It would certainly appear to be an algo change as googlebot also tried over 30,000 in one day to access 5 pages that were SQL created pages that were missing off the site by mistake simply creating a 404 error which would normally be crawled once and ignored. As soon as I noticed and rectified the error, googlebot carried on with the rest of the site as normal - the worrying thing is that this latest error cannot be rectified easily at all without re-writing the whole cart and googlebot is 'stuck' trying this one URL and is not attempting anything else.
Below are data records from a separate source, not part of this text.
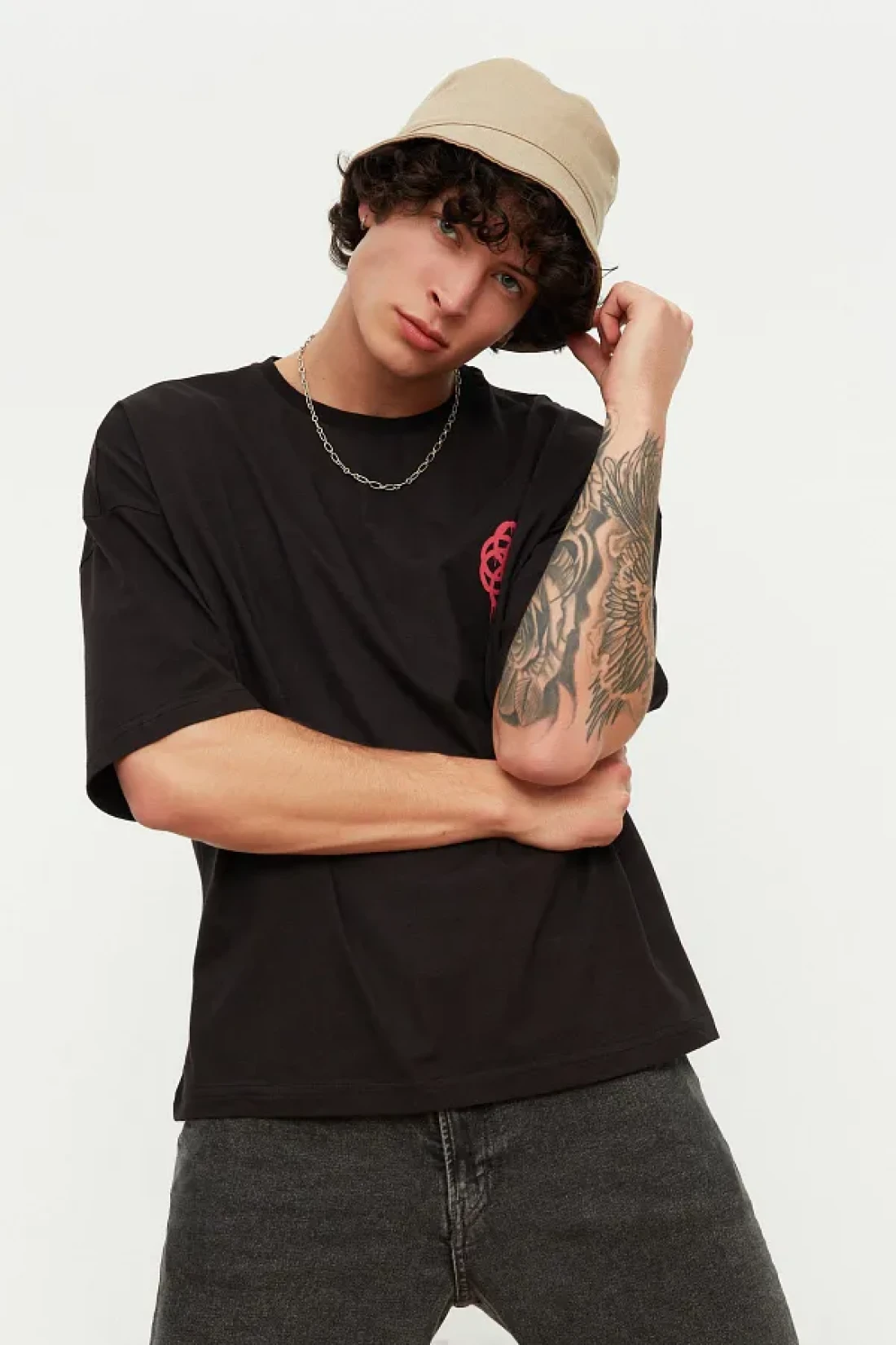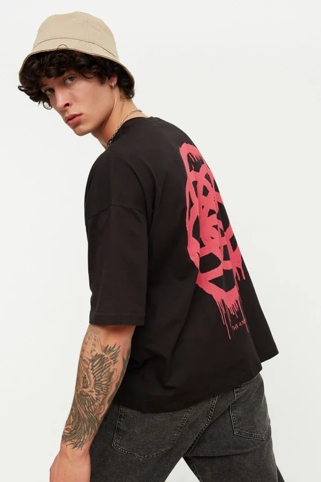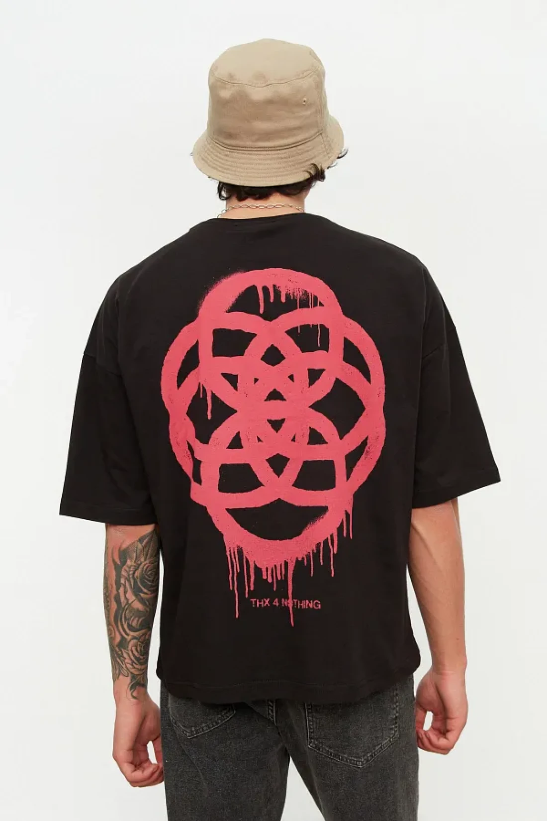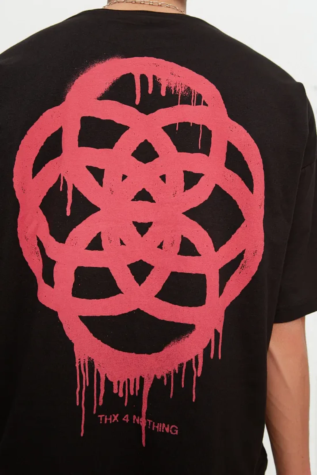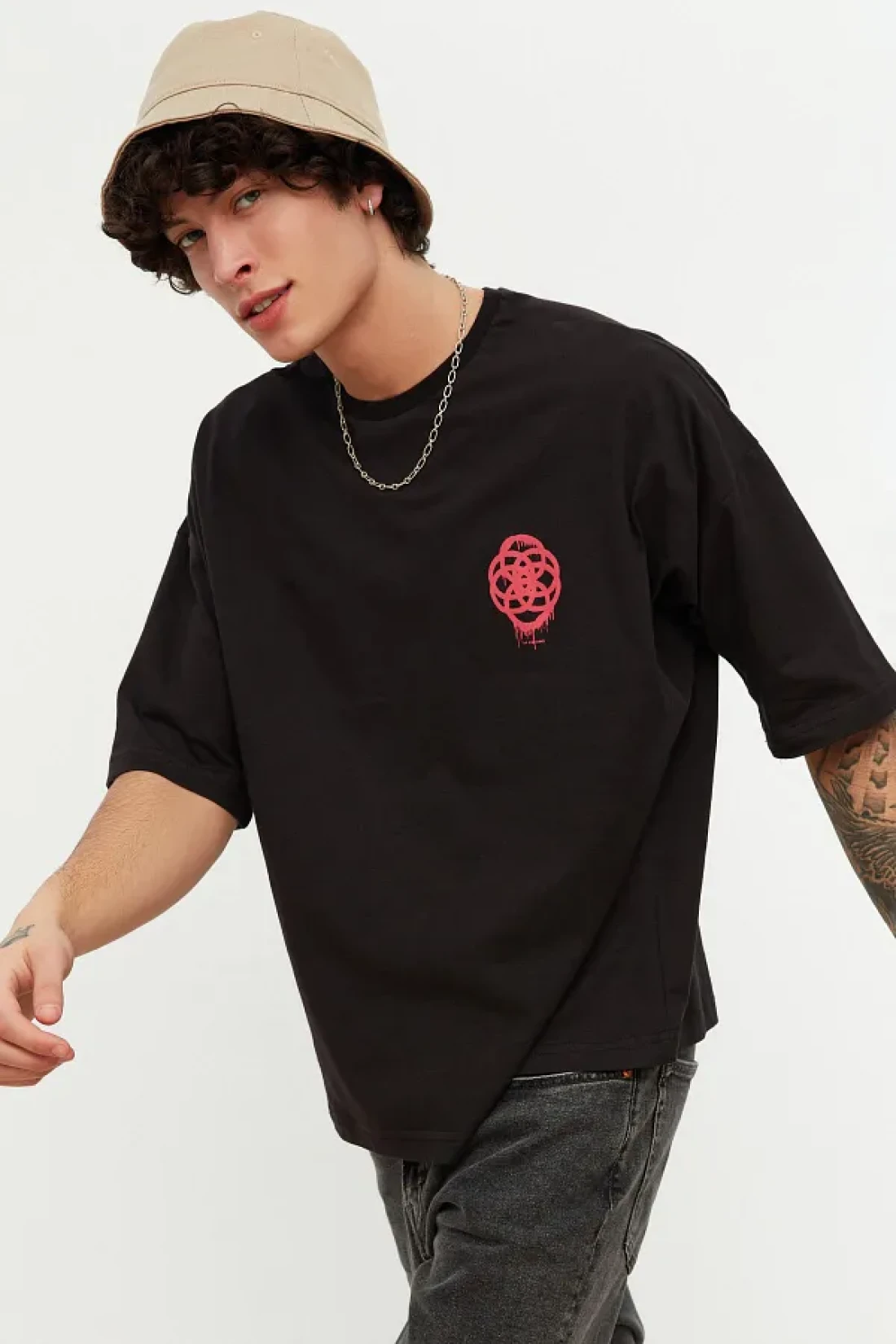 Collection Geometric Printed Black Oversize Cotton T-Shirt - TMNSS21TS1062
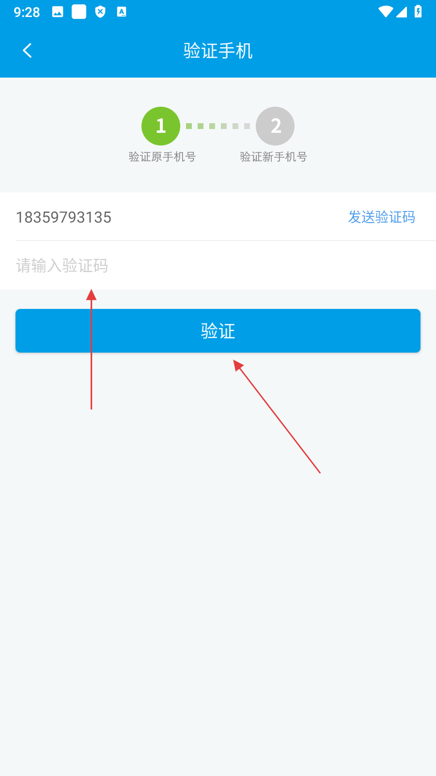 4、在驗證手機頁面【輸入驗證碼】后點擊【驗證】,完成手機換綁操作。
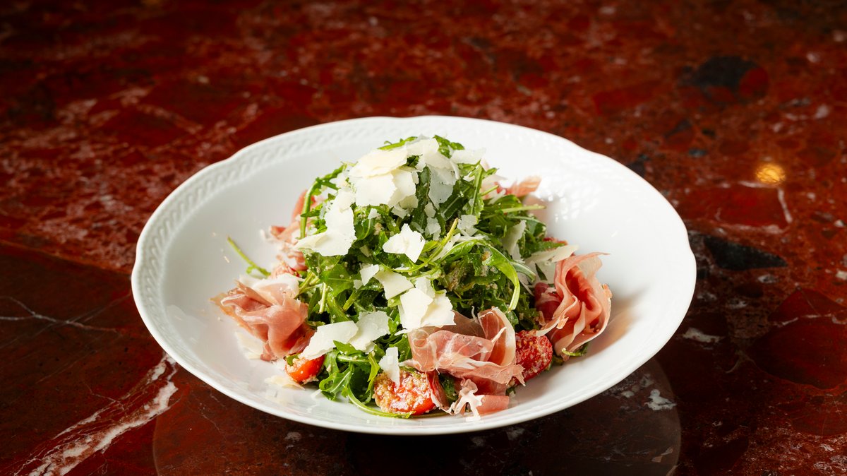 Baby ρόκα, prosciutto di Parma, grana padano, τοματίνια και vinaigrette balsamico
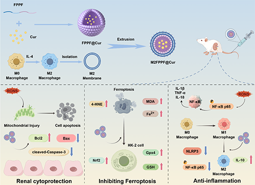 ���գ����_��W/�H�����tˎ�a�I���g�о�Ժꐴ�ȫ���ڈF����ڼ���Ĥ�����ķ����{���d�w�ă������_�l��һ�N����AKI�ί��Ķ�ܷ����{���f��ϵ�y�{��RONS�������Ferrostatin-1��Fer-1��ͨ�^4-�Ȼ������ᣨ4-PBA���͎r����ǣ�Fuc���c���S�أ�Cur���M�b������ROS푑��{���f��ϵ�y��FPPF@Cur�����Mһ��Ϳ��M2���ɼ���Ĥ��M2M���γɶ�ܷ����{��RONS�������M2FPPF@Cur�����OӋ���ڌ�Cur�����f�͵��܂����I�K��
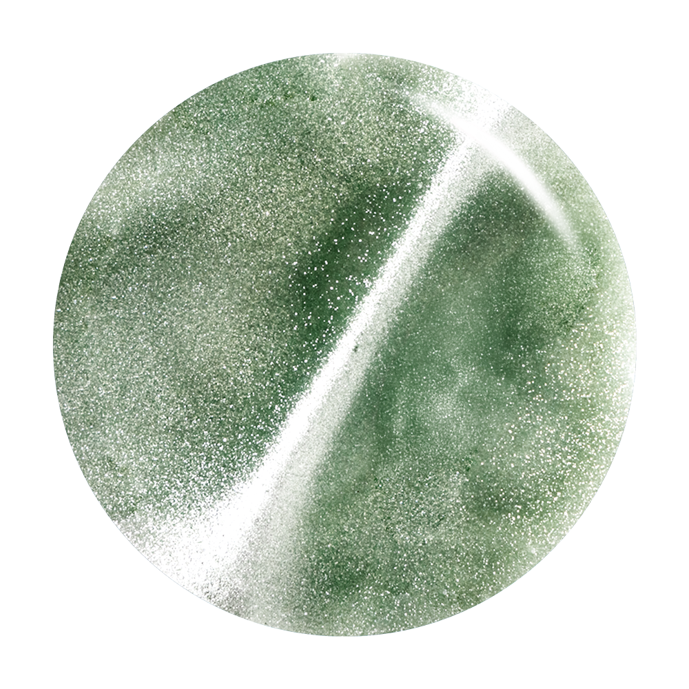 Sage green. Medium-dark. Silver magnetic shimmer. Opaque. Cool undertone.
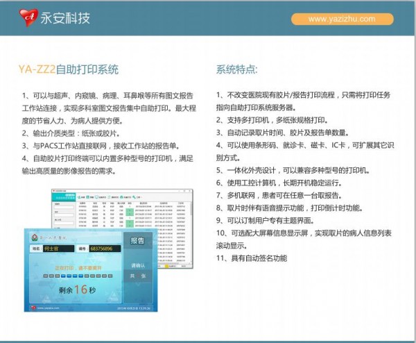 显示胶片和报告数量,并能实时显示正在打印第几张胶片和第几张报告 显示病人姓名和编号 多功能自助报告打印系统胶片数量和正在打印使用语音提示,并有“正在打印,请不要离开”提示 根据医院的需要可以设置胶片和报告单的先后打印顺序 刷卡或扫码后直接打印,不需要任何操作
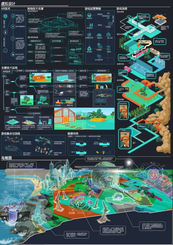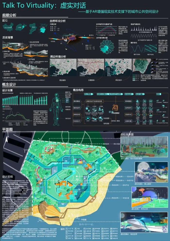 《Talk to virtuality》作品选址青岛市燕儿岛公园。当代城市公共空间多面临着建造成本高、设计更新慢、缺少体验感等问题,从而导致使用率低且缺乏活力。同时,随着信息技术的提高,年轻人多倾向宅于室内使用手机等电子产品,缺乏户外活动。获奖方案将AR(增强现实)等科技手段运用到城市设计中,通过此方式吸引“电子依赖症”患者走出家门、亲近自然,同时赋予城市公共空间新的理念与功能。
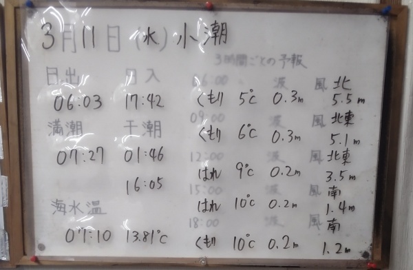 3月11日(水)小潮 今日の海の様子

If you can help GoogleGuy, it would be much appreciated
One of the most common causes of 404 problems on Apache server is incorrect syntax in the ErrorDocument directive [httpd.apache.org]. If you point 404's or 500's to a full URL instead of a local path, the server code returned will be a 302-Moved Temporarily, not a 404-Not Found. See the warning (concerning 401's but applicable to all error documents) at the bottom of the cited ErrorDocument documentation.
Jim
HTTP/1.1 302 Found
message! Yes, I redirect to a full link for error pages using .htaccess
ErrorDocument 302 FULL-URL
ErrorDocument 401 FULL-URL
ErrorDocument 404 FULL-URL
ErrorDocument 500 FULL-URL
ErrorDocument 509 FULL-URL
I've never had any trouble with the Googlebot because of it.
Well, I was one for about 25 years, now I'm doin' whatever it takes to pay the bills! :)
See, in the old days, I had to design the hardware, write the boot code (machine code, and usually on paper), toggle it into the front panel in binary, and hit the run switch. The division between "hardware" and "software" was not so sharp.
Jesse,
I think you've been really lucky! Of course, Google probably has a few "extra" routines in their 'bot code to handle simple and common problems with 404s, and that's why you haven't had any trouble. I would recommend fixing it, though - they'll spend less time doing fix-up, and more time spidering.
Jim
It reminds me a lot of the big server crash we had a while back while testing a new e-commerce application before deploying it.
Our Tomcat server caused our Apache server to go into a wild loop... and Catalina ( a log file inside Tomcat ) went totally bezerk and caused our whole server to crash with a big thump. Had to remove that file et manually reboot our server at the data center.... We coudn't remote it anymore...
When we deleted that file, it was over 22 Gigs! Just a log file, imagine...
What A day! I'l never forget that one...
..this is because the server is doing more in-depth analysis about the best way to crawl your site.. ..Googlebot will be much better at crawling your website after that..
It's heuristic? Will all our phones ring at once one day?
Adaptive bot tech, using our own sites to continually learn! Given a few years any type of SEO would be impossible.
Jolly good.